• **Assigned task**: Return an exact copy of the entries, skipping any picture you find.

Dataset records
+===+

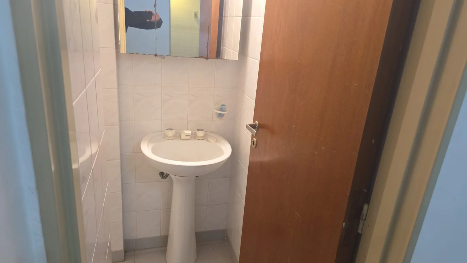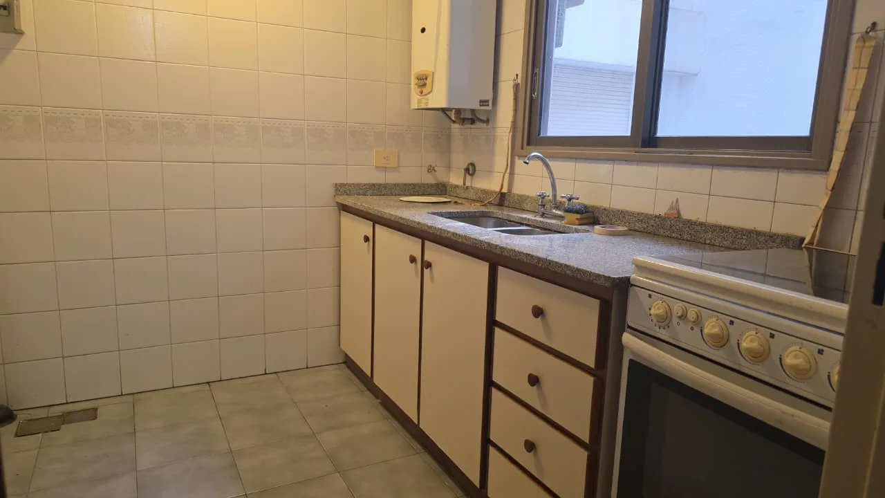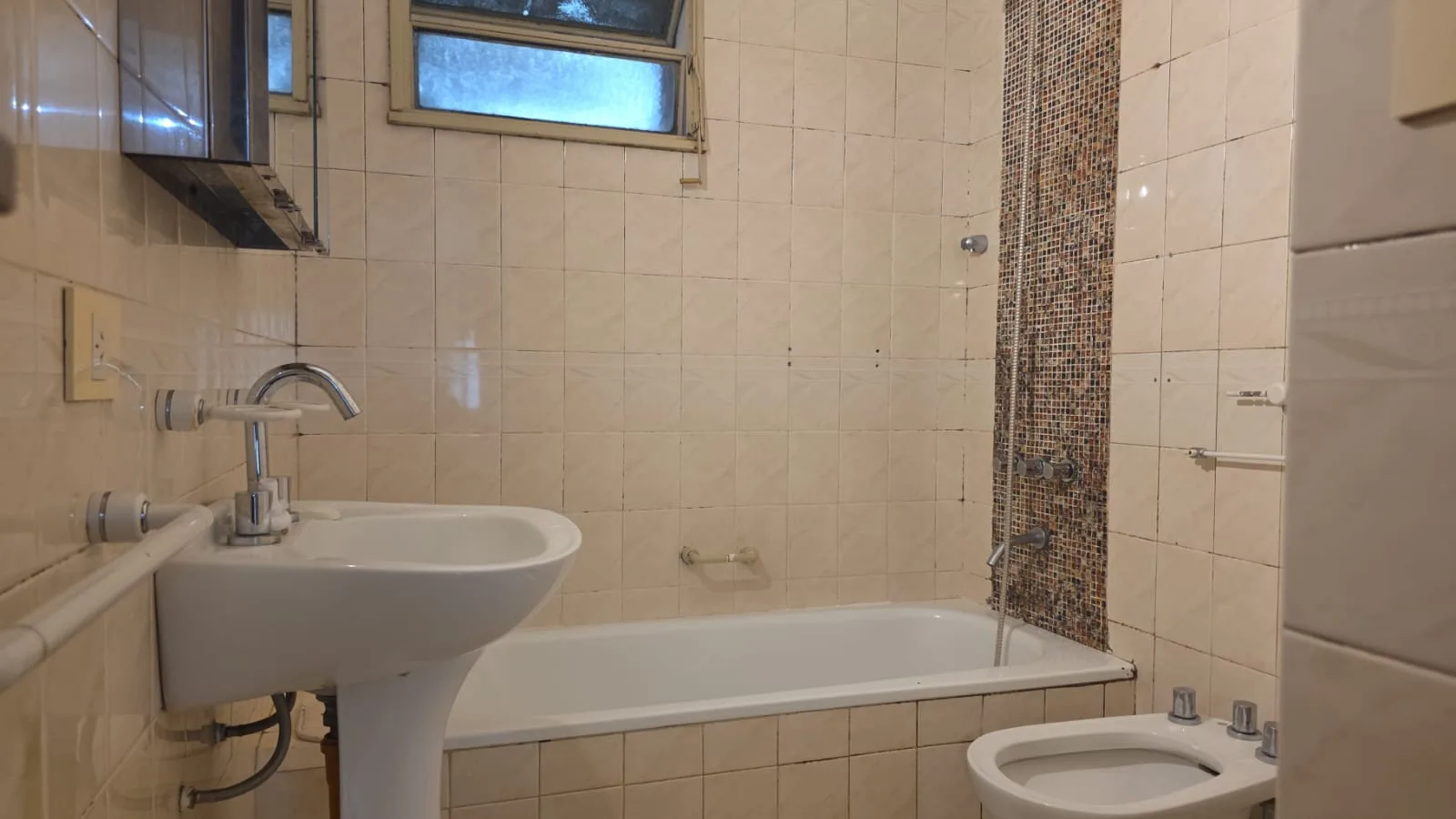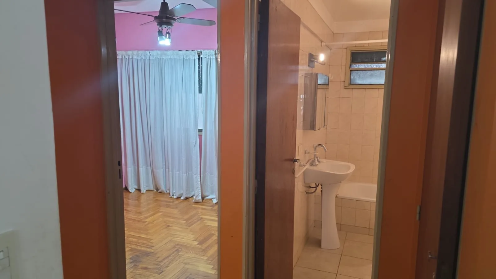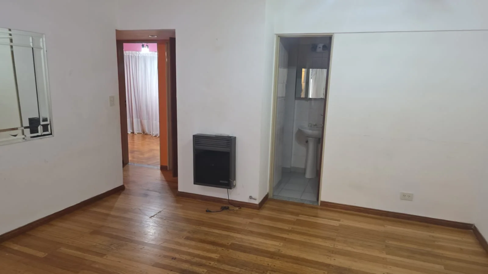 Квартира с 3 комнатами, внутренний боковой вариант, окна во двор. Площадь не указана. Жилая зона включает гостиную-столовую; обед в гостиной, обеденная зона также в кухне. В кухне предусмотрено место для стиральной машины и есть постирочная, установлены кондиционер в гостиной. Планировка: 2 спальни, ванная комната и 1 туалет, холл. Коммунальные платежи здания: $ 9250. Рядом станция Florida FFCC Bme Mitre.
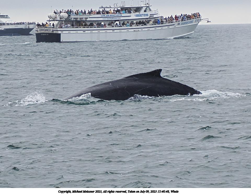 Picture #45: Whales #11 Thumb: 480x360, 60,893 bytes (60K) Small: 960x743, 195,363 bytes (191K), (html file) Copyright, Michael Meissner 2023, All rights reserved OM OM1 camera with Olympus-m43 12-200mm f/3.5-6.3 lens f/6.3, ISO 200, 1/400 sec, 12.0mm, auto mode, vivid color, matrix metering, digital zoom x2, continous focus, IS Auto, face detection 35mm equivalent focal length 48.0mm, digital zoom x2 Programs used: crop, raw therapee Taken by Michael Meissner on July 09, 2023 16:02:23 Last modified on August 20, 2023 at 01:09 |
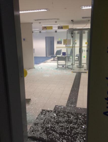 Grupo entrou na agência utilizando uma picareta para quebrar a porta de vidro
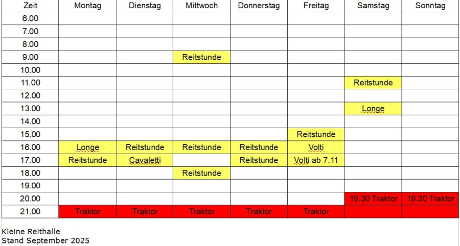In der großen Reithalle ist Longieren und Laufenlassen grundsätzlich nicht erlaubt!
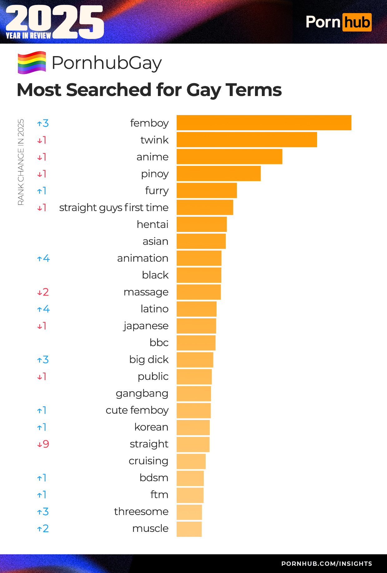 Самое заметное падение среди запросов в 2025-м — у натуралов. Запрос «straight» рухнул на –9 позиций. Команда Pornhub предполагает, что это может быть связано с общим ростом интереса к более феминным мужчинам.
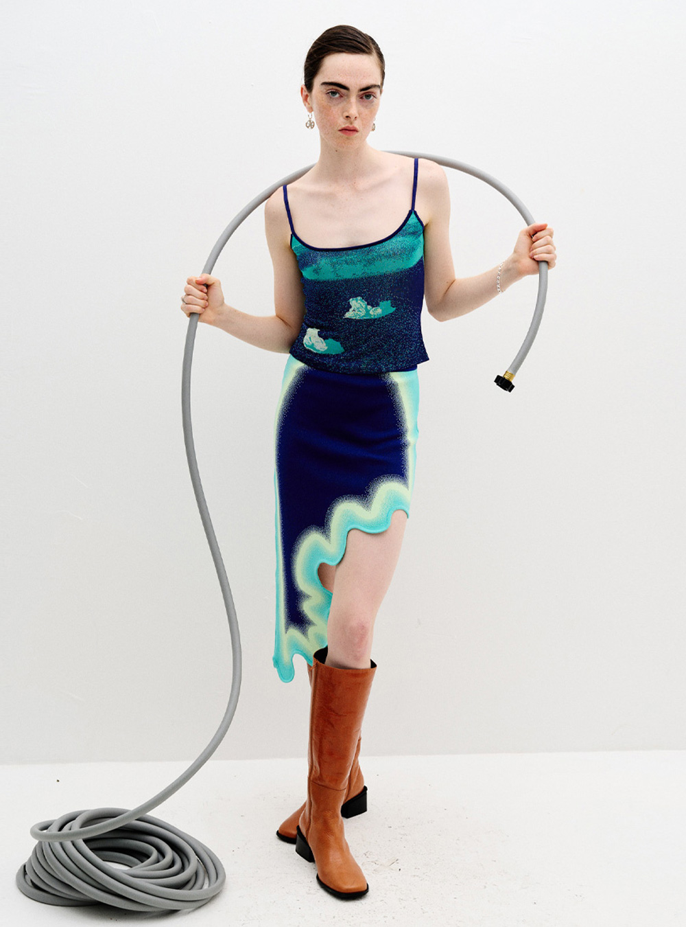 The spirit of activism is woven throughout PH5’s Spring Summer 2025 collection, merging the endless allure of mother nature and human innovation. Drawing inspiration from the neglected species in animal conservation, the collection features soft, languid silhouettes juxtaposed by structured, sculptural forms—embodying both the fragility and resilience of nature. In vivid hues reminiscent of tropical wildflowers, details evoke a spirit of dynamism and fluidity.
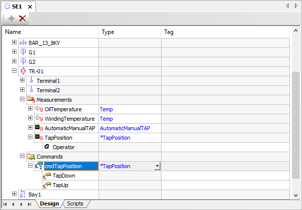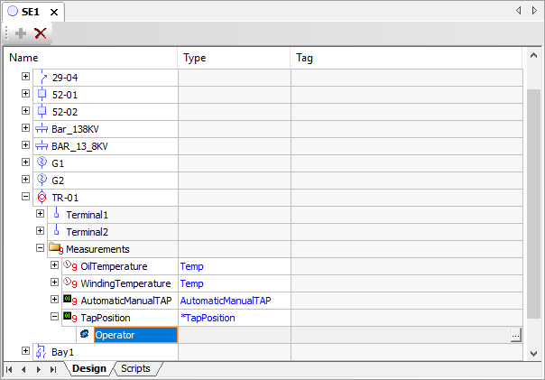 7.On Tag column, link the Operator source of Measurement TapPosition with the expression "SE1.[TR-01].Terminal1.TapPosition.Operator", by using AppBrowser. This expression is the same for both Units.

+===+

• **Output below**:
 Квартира с 3 комнатами, внутренний боковой вариант, окна во двор. Площадь не указана. Жилая зона включает гостиную-столовую; обед в гостиной, обеденная зона также в кухне. В кухне предусмотрено место для стиральной машины и есть постирочная, установлены кондиционер в гостиной. Планировка: 2 спальни, ванная комната и 1 туалет, холл. Коммунальные платежи здания: $ 9250. Рядом станция Florida FFCC Bme Mitre.
 Picture #45: Whales #11 Thumb: 480x360, 60,893 bytes (60K) Small: 960x743, 195,363 bytes (191K), (html file) Copyright, Michael Meissner 2023, All rights reserved OM OM1 camera with Olympus-m43 12-200mm f/3.5-6.3 lens f/6.3, ISO 200, 1/400 sec, 12.0mm, auto mode, vivid color, matrix metering, digital zoom x2, continous focus, IS Auto, face detection 35mm equivalent focal length 48.0mm, digital zoom x2 Programs used: crop, raw therapee Taken by Michael Meissner on July 09, 2023 16:02:23 Last modified on August 20, 2023 at 01:09 |
 Grupo entrou na agência utilizando uma picareta para quebrar a porta de vidro
In der großen Reithalle ist Longieren und Laufenlassen grundsätzlich nicht erlaubt!
 Самое заметное падение среди запросов в 2025-м — у натуралов. Запрос «straight» рухнул на –9 позиций. Команда Pornhub предполагает, что это может быть связано с общим ростом интереса к более феминным мужчинам.
 The spirit of activism is woven throughout PH5’s Spring Summer 2025 collection, merging the endless allure of mother nature and human innovation. Drawing inspiration from the neglected species in animal conservation, the collection features soft, languid silhouettes juxtaposed by structured, sculptural forms—embodying both the fragility and resilience of nature. In vivid hues reminiscent of tropical wildflowers, details evoke a spirit of dynamism and fluidity.
 7.On Tag column, link the Operator source of Measurement TapPosition with the expression "SE1.[TR-01].Terminal1.TapPosition.Operator", by using AppBrowser. This expression is the same for both Units.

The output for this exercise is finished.